Boston Red Sox: Why Bobby Valentine Should Quit Right Now

Tom FitzContributor IIIAugust 5, 2012

BOSTON, MA - JULY 20: Manager Bobby Valentine #25 of the Boston Red Sox gestures after changing pitchers in the 9th inning against the Toronto Blue Jays during the game on July 20, 2012 at Fenway Park in Boston, Massachusetts.  (Photo by Jared Wickerham/Getty Images)
Jared Wickerham/Getty Images

It is time for Bobby Valentine to quit his job. Not tomorrow, not at the end of the season—right now.

Notice I did not say fired. He should not be fired. The front office put Valentine in a bad position to start the season by not allowing him to choose his own coaching staff.

While choosing his own coaching staff would have been a nice luxury, it hardly should make or break a season. But it is a symptom of just how poorly this entire organization has been run this season.

This starts with the front office’s treatment of Valentine as a manager.

Valentine called out Youkilis at the beginning of the season. This seemed like a very Valentine-like move. Wasn’t this exactly the type of anti-Terry Francona type of managerial move the Red Sox got Valentine for in the first place?

Well, I guess not.

Per Steven Buckley of the Boston Herald, Valentine said Youkilis wasn’t “as physically or emotionally into the game as he has been in the past.”  

Boston GM Ben Cherington responded by backing up the player and not the manager. Cherington said (via CBS Boston):

First of all, the way he expressed that was not the best way to express that.
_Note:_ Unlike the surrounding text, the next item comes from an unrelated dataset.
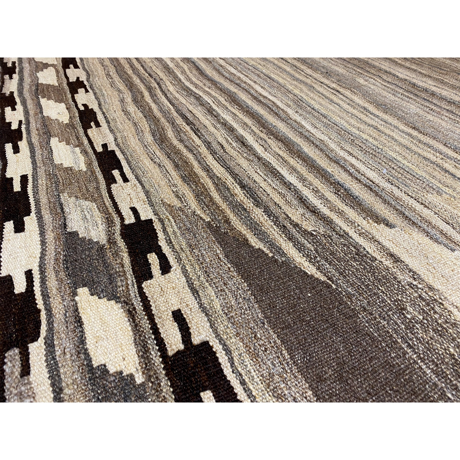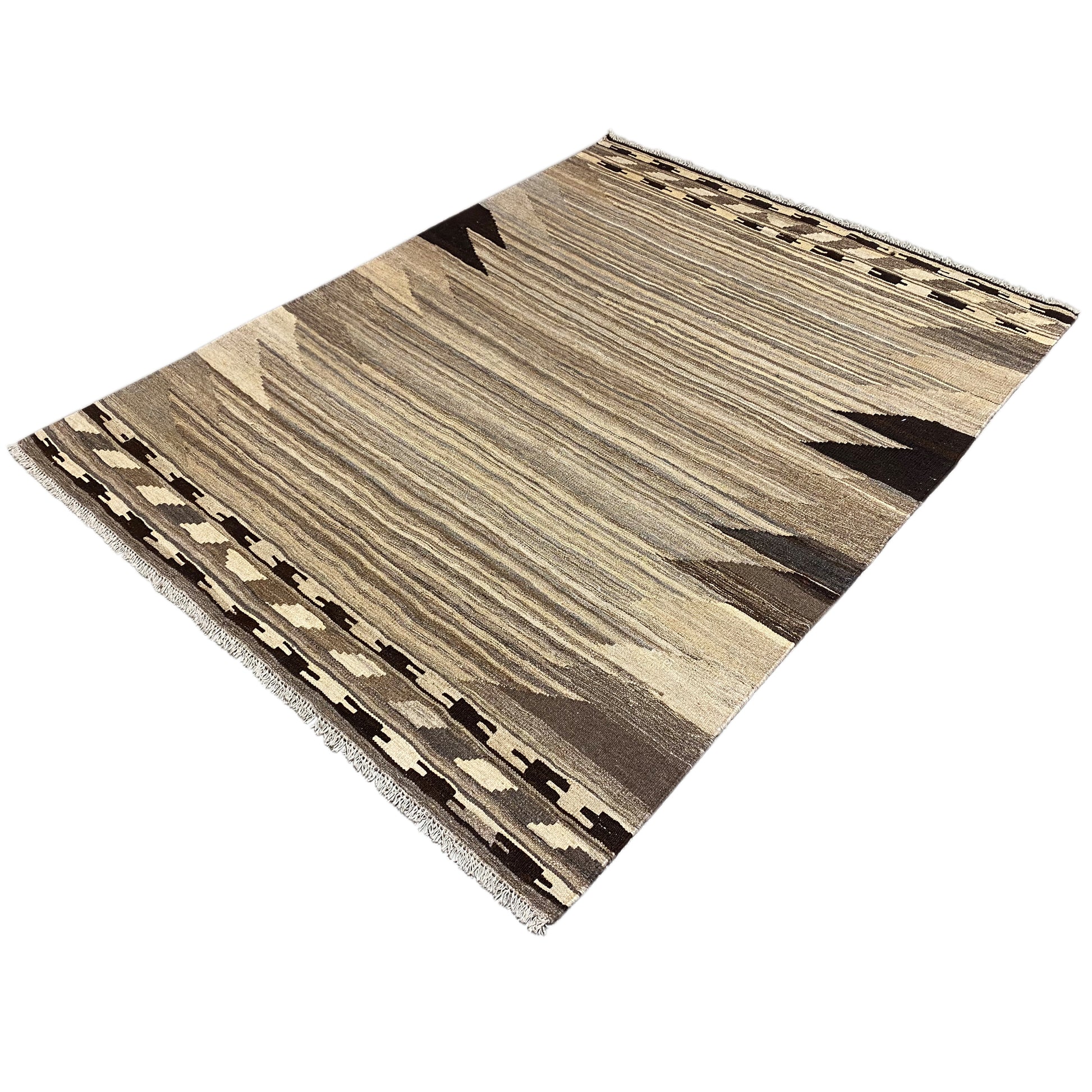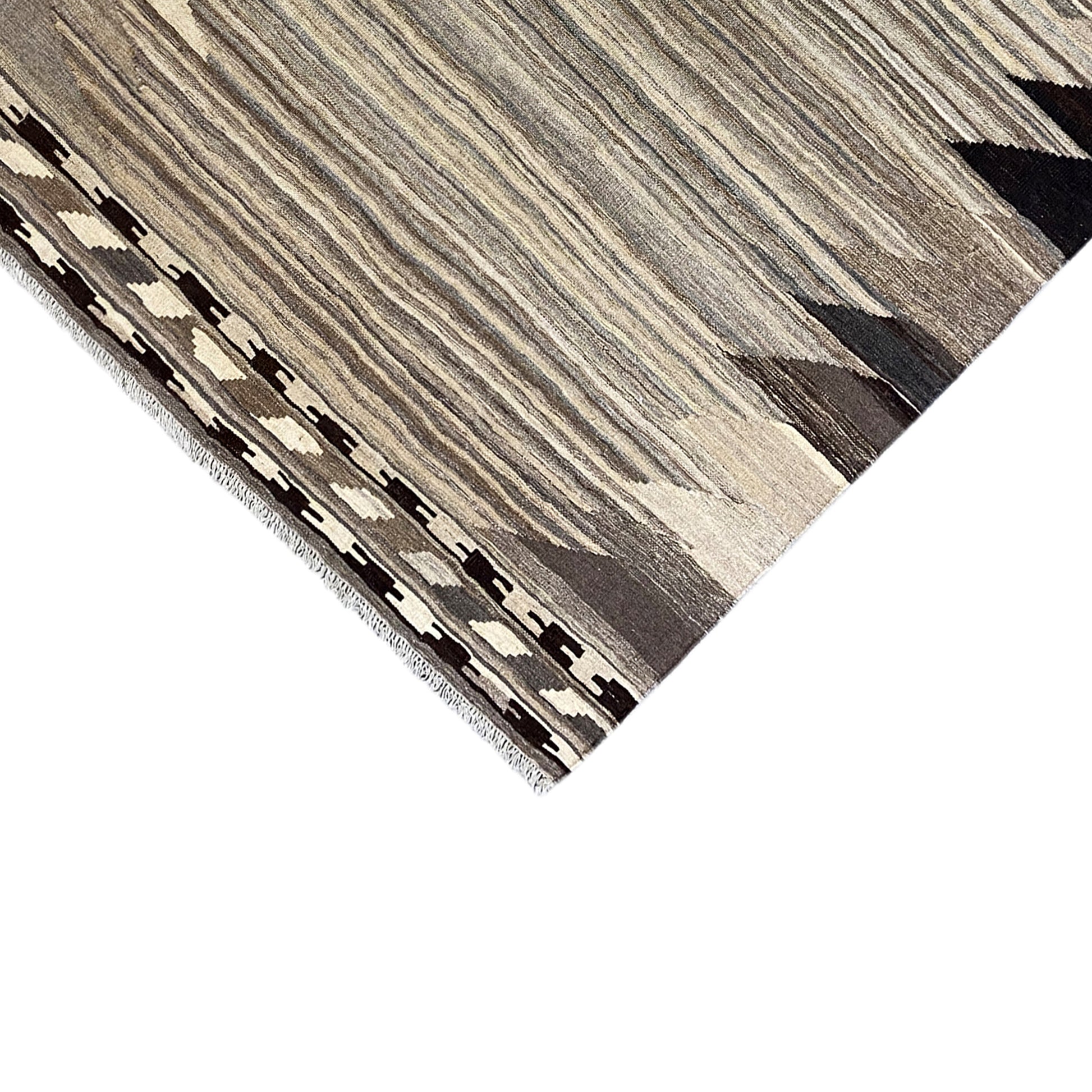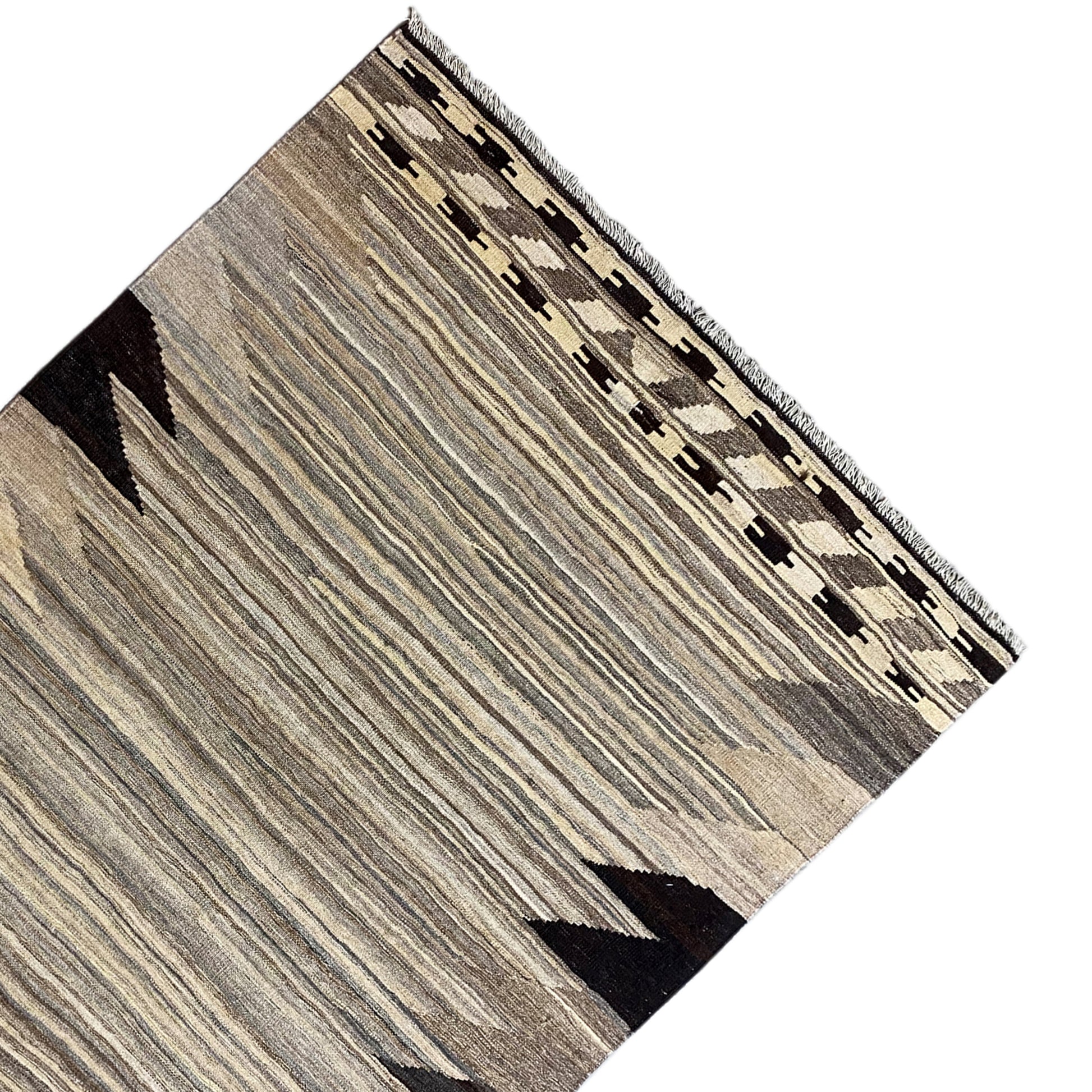 Este tapete Kelim Qashqai, tecido à mão com lã fiada manualmente, apresenta um design abstrato único com formas geométricas marcantes e riscas em tons naturais de cinza e bege. Com um tamanho de 197x148 cm, este tapete resistente de tecido plano é ideal para complementar estilos de decoração modernos, minimalistas ou escandinavos. Combina artesanato tradicional com estética contemporânea, criando uma atmosfera tranquila mas expressiva que valoriza qualquer espaço, oferecendo ao mesmo tempo durabilidade.

He said the same thing to Kevin and apologized. I think we’ll all learn from it and be able to handle it differently. 

Dustin Pedroia felt the need to weigh in on the debate and told Valentine through the press, “That’s not the way we do things around here” (h/t Boston Herald).

There was no outcry about Pedroia calling out his manager. The front office did not remind him, at least publicly, the way the Red Sox did things before Valentine turned out to be a complete disaster.

So basically Valentine had to apologize for being, well…Valentine.

Tony Massarotti of the Boston Globe wrote:

Valentine came with a reputation for being a pot-stirrer and verbally provocative. And yet, at the first sign of provocation, Red Sox officials effectively neutered Valentine.

If the front office had no intention of getting behind the man they hired to take the helm of a ship that crashed and burned last September, why would the players ever listen to him?

We can leave on-field decisions for a different time. This is a matter of personality. The Red Sox knew what they were getting with Valentine, then acted surprised when he spoke his mind.

This would be like hiring Chris Rock to perform at your kid’s birthday party and acting shocked because his jokes were dirty.

But the final situation, the one that should make Valentine walk out the front door of Fenway Park and never look back, is the Will Middlebrooks situation.

According to Dan Duquette, Jr. of

Valentine told WEEI's the Big Show that team ownership approached him only once this season about his communication with the players, after being overly sarcastic to the Sox third baseman.

After Middlebrooks had a rough inning in the field earlier in the season, Valentine told WEEI he sarcastically said to Middlebrooks, “Nice inning, Will” (h/t WEEI).

Not exactly the worst thing a manager has ever said to a player.

But apparently it was enough for the front office to once again strip even more authority from Valentine.

Once again Valentine had to apologize for being Valentine.

Rob Bradford of WEEI tweeted: 

Valentine said Middlebrooks comment on @weei was "stupidest thing I've said on radio" Went on to explain story again

— Rob Bradford (@bradfo) August 2, 2012

It is time for this strange union to end. The marriage of Valentine to the Boston Red Sox seems to have been conjured up by some sort of baseball devil—one that was destined to fail.

But Valentine should be the one who demands the divorce. He should get the last word and not give Boston’s front office the chance to fire him. It would be Valentine's final act as a member of the Red Sox organization, one that may actually make the front office take responsibility for themselves.